Strona:PL A Dumas Pani de Monsoreau.djvu/624

Ta strona została przepisana.

Chicot ciężko westchnął, a książę Andegaweński śmielej spojrzał na Lotaryngskiego księcia.
— Cóż o tem myślicie, panowie?.. — zapytał król obecnych.
Chicot nic nie odpowiedział, wziął kapelusz i rękawiczki, następnie lwią skórę za ogon pociągnął w róg pokoju i legł na niej jak długi.

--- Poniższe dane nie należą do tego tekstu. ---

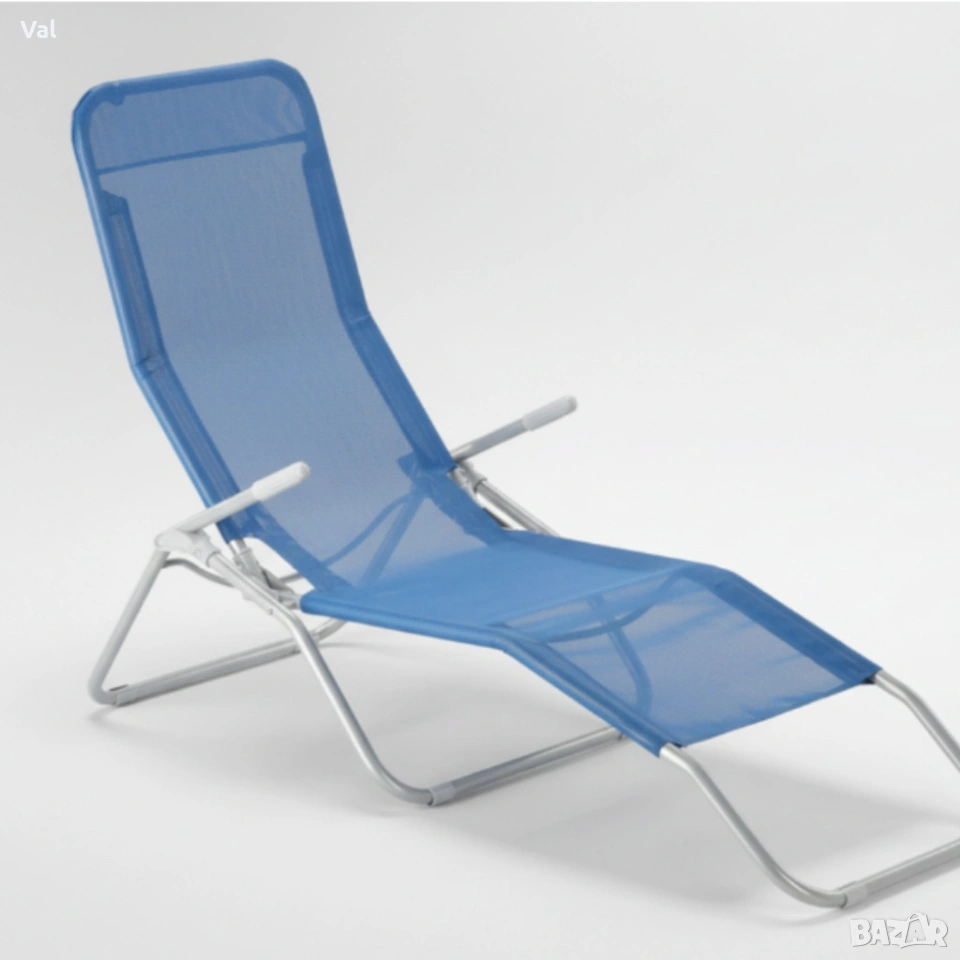 Технически характеристики на Градински шезлонг с поставка за крака - модерен и удобен за релакс Технически детайли дават ясна представа за качество и възможности на шезлонга: Цвят: син Размери: 137 x 58 x 24 / V94 см Рамка: прахово боядисана стомана Диаметър на тръбата: 24 мм Материал на седалката: 1X1 текстил Максимално натоварване: 130 кг Функция накланяне: не

— Chicot, co robisz? — zapytał król.
— Najjaśniejszy panie — odpowiedział — noc najlepszą jest doradczynią. Najprzód się prześpię, a potem kięciu Gwizyuszowi odpowiem.
Książę rzucił groźne spojrzenie na gąskończyka, na które tenże odpowiedział chrapaniem.
— Co myślisz Najjaśniejszy panie? — zapytał książę.
— Myślę, że jak zwykle, masz słuszność mój kuzynie; zwołaj naczelników Ligi, stań na ich czele, a ja wybiorę człowieka potrzebnego dla wiary.
— A kiedy to będzie? — zapytał książę.
— Jutro.
Wymawiając ten wyraz, król się nieco uśmiechnął.
Książę Andegaweński myślił się oddalić, gdy król rzekł:
— Pozostań, mój bracie; chcę z tobą pomówić.